Shogun Tsunayoshi is famous as the Dog Shogun for his enacting the law to prohibit killing animals. Some records say the offenders of the law were severely punished usually by death, but other records say all of such episodes are rootless and the law was never actually applied to commoners.

After going through the hard time caused by the movement to abolish Buddhism in Meiji Period (1868 to 1912), the temple has survived as it is today.

牡丹(ぼたん)の寺

The Temple of Peonies
てなことで、歴史の勉強の後はお花見。でもさ、アンタ、おにぎりとかビールとか飲み食いはダメよ。牡丹の季節は4月中旬から5月中旬。今年行けなかったアンタ、来年もあるわよ。でもってさ、ここの牡丹、全部で2000株くらいあるんだって。

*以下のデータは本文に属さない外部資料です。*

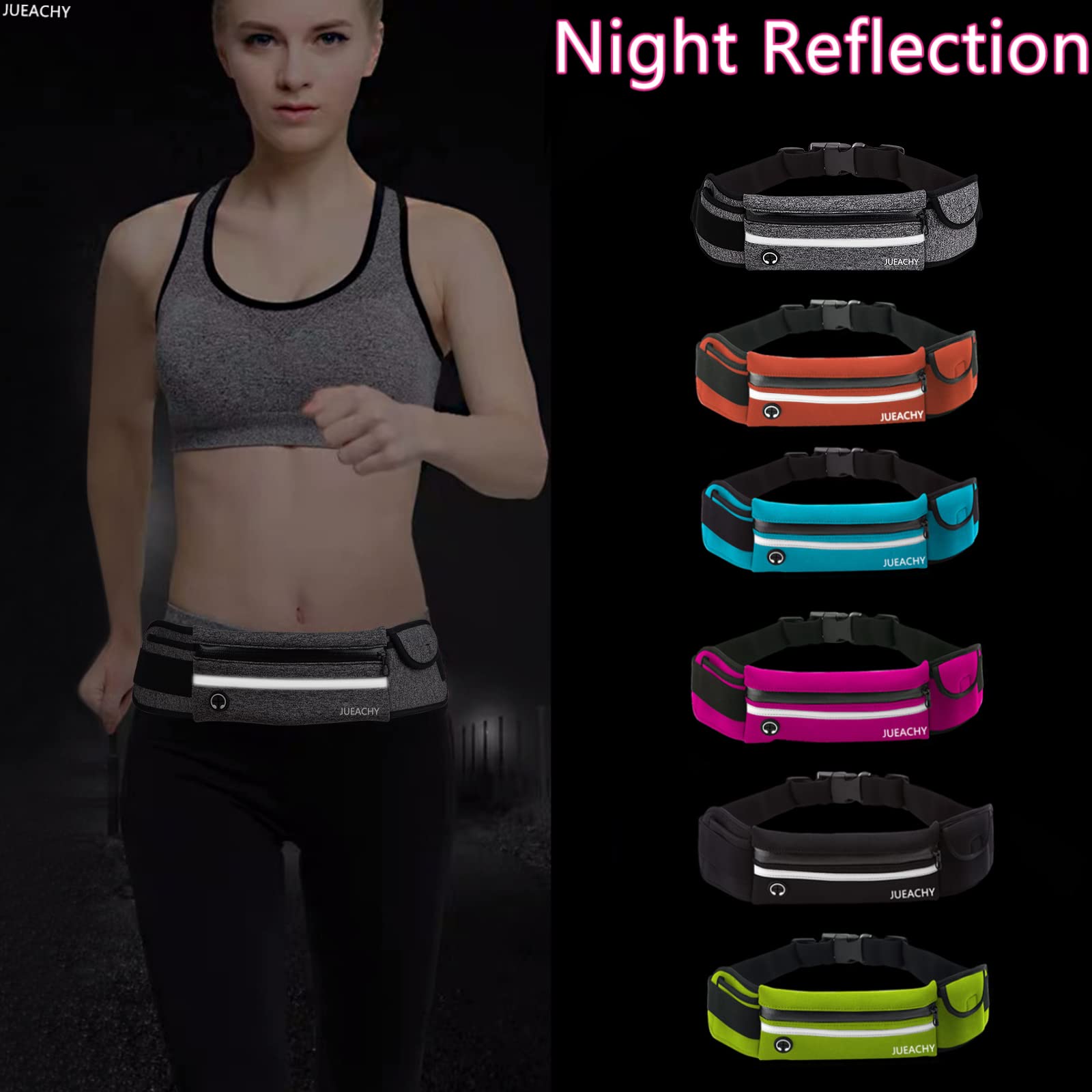 Jueachy Running Belts for Women Waterproof Fanny Pack Running Waist Pouch Phone holder Adjustable Sports Money Belt with Headphone Port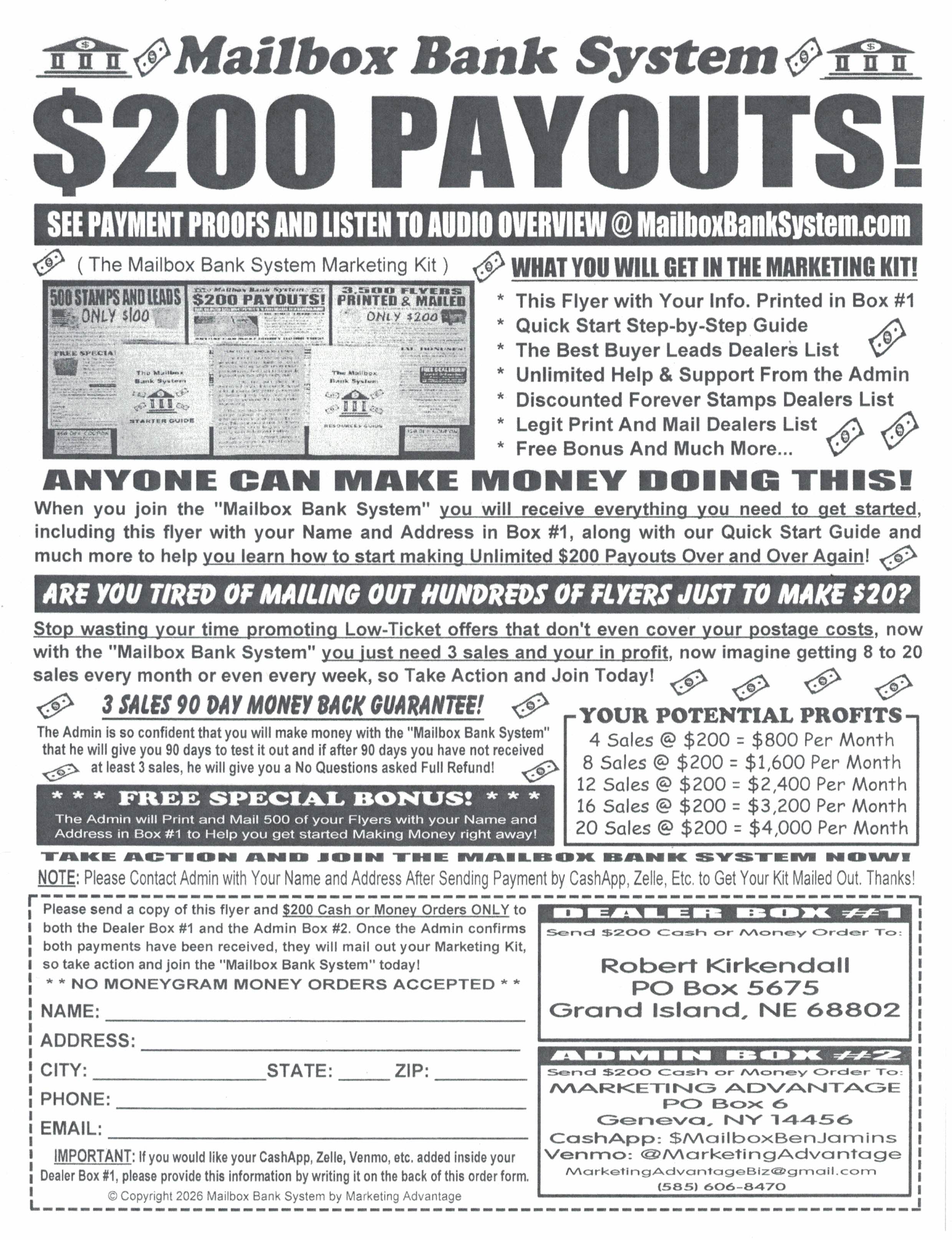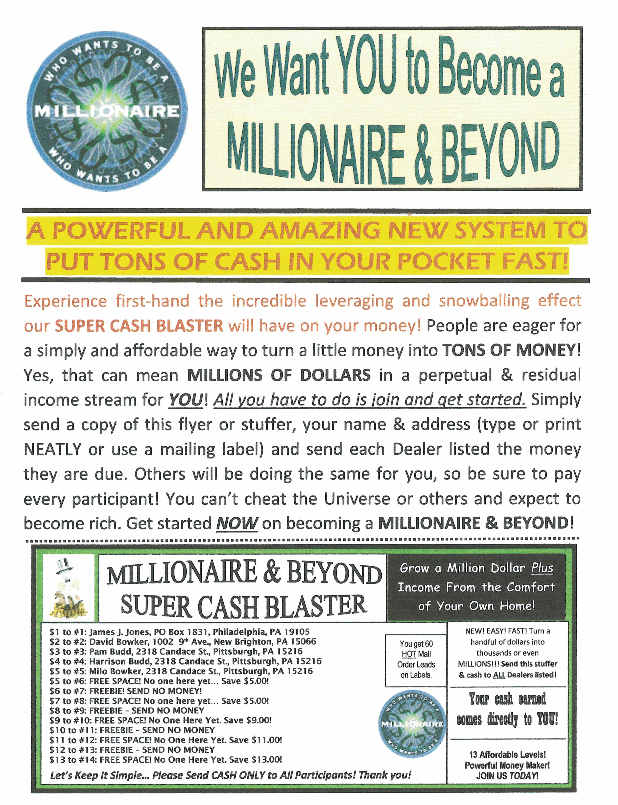 Never be broke again. Join these 20 millionaire programs. Cash will flood your mailbox. Mail $5 + 5 stamps to: Millionaire, PO Box 3084, Memphis TN 38173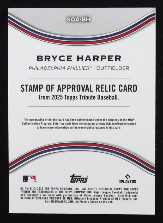 Bryce Harper 2025 Topps Tribute Stamp of Approval Relics #SOABH #171/199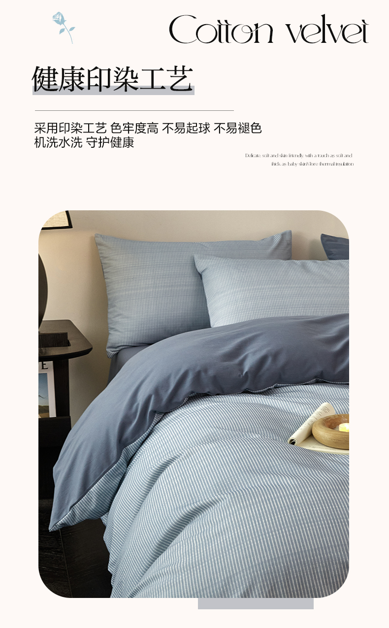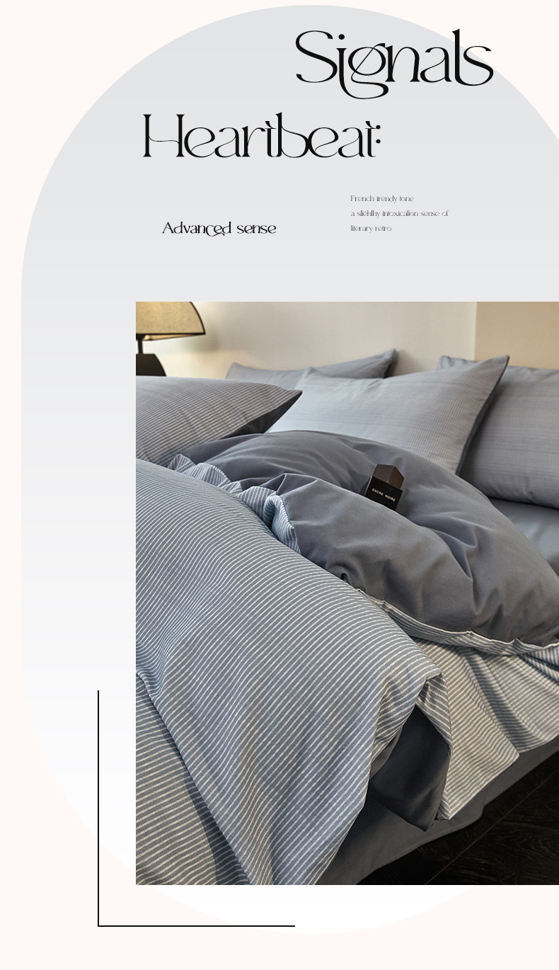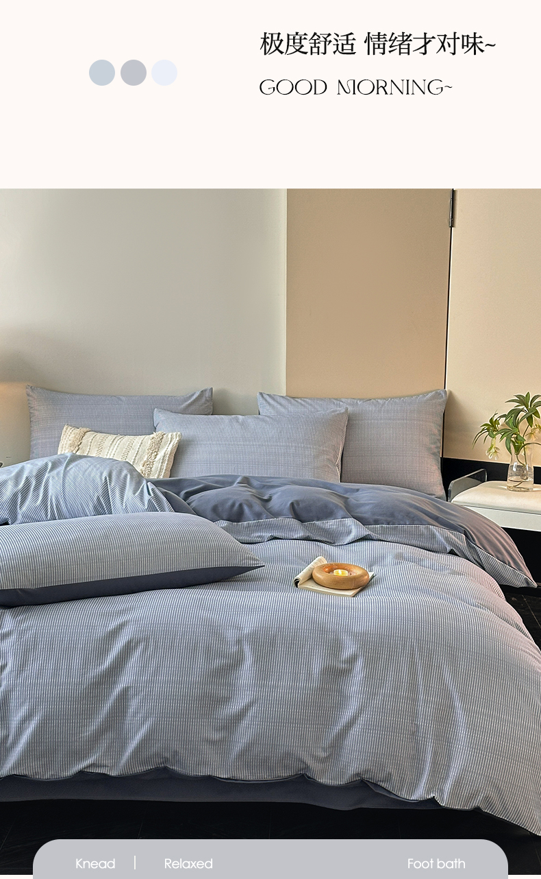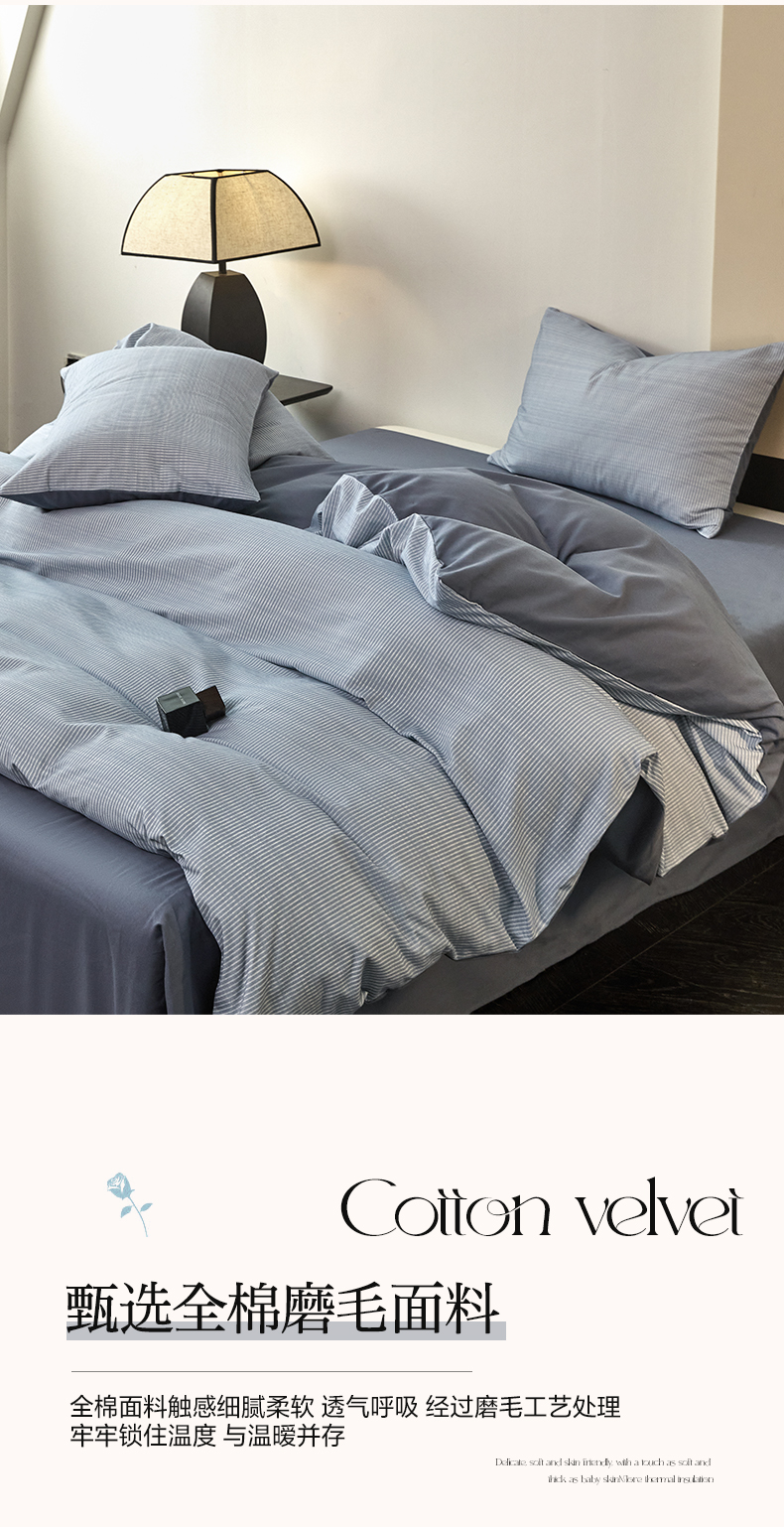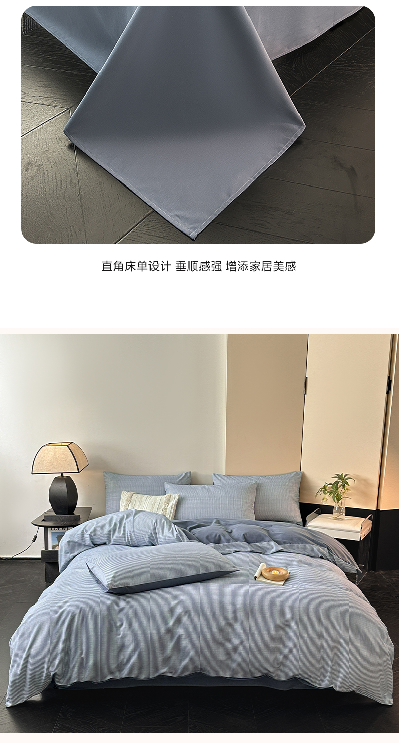 商品名称:雅居纺家纺 2025新款简约款全棉磨毛四件套 宁静-蓝条

Peonies are in full bloom in late April to early May, flamboyantly decorating the entire garden. Around 30 species and 2000 roots of peonies are planted here.

その他

Extra Plus
ああ〜、きれいねえー。牡丹もこれだけ見るとクラクラするわね。そんなとき、ちょっと目を休めてコレ。釣鐘なんか眺めて見るのもいいわよ。この乙訓地方では、春になれば「筍(たけのこ)」。門を出たとこでも売ってるからお土産に買って帰るのもいいわよ。釣鐘と筍とどういう関係があるのかって?あ、いけない、いけない。釣鐘をよ〜く見るとさ、撞木(しゅもく)って言うんだけど、鐘突き棒が竹でできてるのよ。面白いでしょ。

でね、牡丹の畑にさ、番傘(ばんがさ)がいっぱいあるの。これはさ、直射日光や雨とかを避けて花を長持ちさせるっていう目的みたいよ。牡丹ともなると、そこら辺の野生のタンポポみたいに逞(たくま)しくないってことね。

さあ、花見に疲れたらちょっと一服。冷たい甘酒でもどう?この季節だけかもしれないけど、筍の煮付けをつまみに冷たい甘酒、熱いお茶。あ〜、風流ねー。

Other notable features of the temple are the belfry with a bamboo-made bell striker (usually made of wood) and oil paper umbrellas placed in the peony fields serving as a shield to protect the flowers from strong sunshine or rain.

For a refreshing break after intensive flowery viewing, a cup of cold Amazake (sweet fermented rice drink) is served for a charge, together with hot tea and a tidbit of bamboo shoots boiled with soy sauce and sugar, at a provisional tea shop. The bamboo shoot is a special product of this region and in the season, it is sold along with other various local food products outside the temple gate as souvenirs.